No problem, I'll put it in for you.


----------



## Rygu (Jul 21, 2008)

M.C said:


> No problem, I'll put it in for you.


You're awesome. :thumbsup:


----------



## M.C (Jul 5, 2008)

It's in now, odd it's not showing up on your posts in this thread except your last one.


----------



## Rygu (Jul 21, 2008)

M.C said:


> It's in now, odd it's not showing up on your posts in this thread except your last one.


I noticed that too, thought maybe it works different for sigs than avatars. I did center it, but doubt that would affect anything.

It is actually not in any of my posts prior to you putting it in for me.


----------



## M.C (Jul 5, 2008)

It doesn't. 

I'm going to have to look into it, but at least it's in.


----------



## Rygu (Jul 21, 2008)

M.C said:


> It doesn't.
> 
> I'm going to have to look into it, but at least it's in.


For sure, that is quite weird though lol.


----------



## M.C (Jul 5, 2008)

Try manually doing it, maybe there's something wrong with Admincp.

Remove your sig (delete it from your sig options in user CP), save changes.

Go to www.tinypic.com and upload the sig

Then, copy/paste the message board img text into your sig area.

See if it works.


----------



## Rygu (Jul 21, 2008)

M.C said:


> Try manually doing it, maybe there's something wrong with Admincp.
> 
> Remove your sig (delete it from your sig options in user CP), save changes.
> 
> ...


Exact same issue lol...

All good though don't waste a shitload of time trying to figure it out my previous posts will be long gone soon enough so it wont matter.


----------



## M.C (Jul 5, 2008)

It has something to do with your "show signature" box being off by default when you have no sig, and turns on when you do, so that is why.

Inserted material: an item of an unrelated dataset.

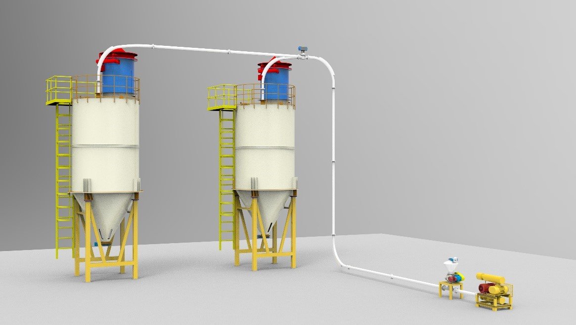正壓氣力輸送一般是將系統空氣管道與鼓風機相連,鼓風機通過入口吸入空氣, 將空氣壓縮后形成高壓氣流,高壓空氣沿輸送管道流動,帶動物料沿管道送入指定位置,通過氣動換向閥的切換實現多點卸料,換向閥起著改變物料的流向及任何方向的分流和匯合的作用。最后通過凈化裝置將凈化后的空氣排出。

It will show up for you in all your new posts. Enjoy.


----------



## Rygu (Jul 21, 2008)

M.C said:


> It has something to do with your "show signature" box being off by default when you have no sig, and turns on when you do, so that is why.
> 
> It will show up for you in all your new posts. Enjoy.


All good. I like it, I have no clue how to make them and am clueless in PS or whatever people use to make them so coming and asking was my only hope.

Edit: Ewww almost forgot to credit you on it, that would have been embarrassing.


----------



## M.C (Jul 5, 2008)

No need to credit buddy, I just do it off and on for fun, enjoy and let me know if you need an avatar or something.


----------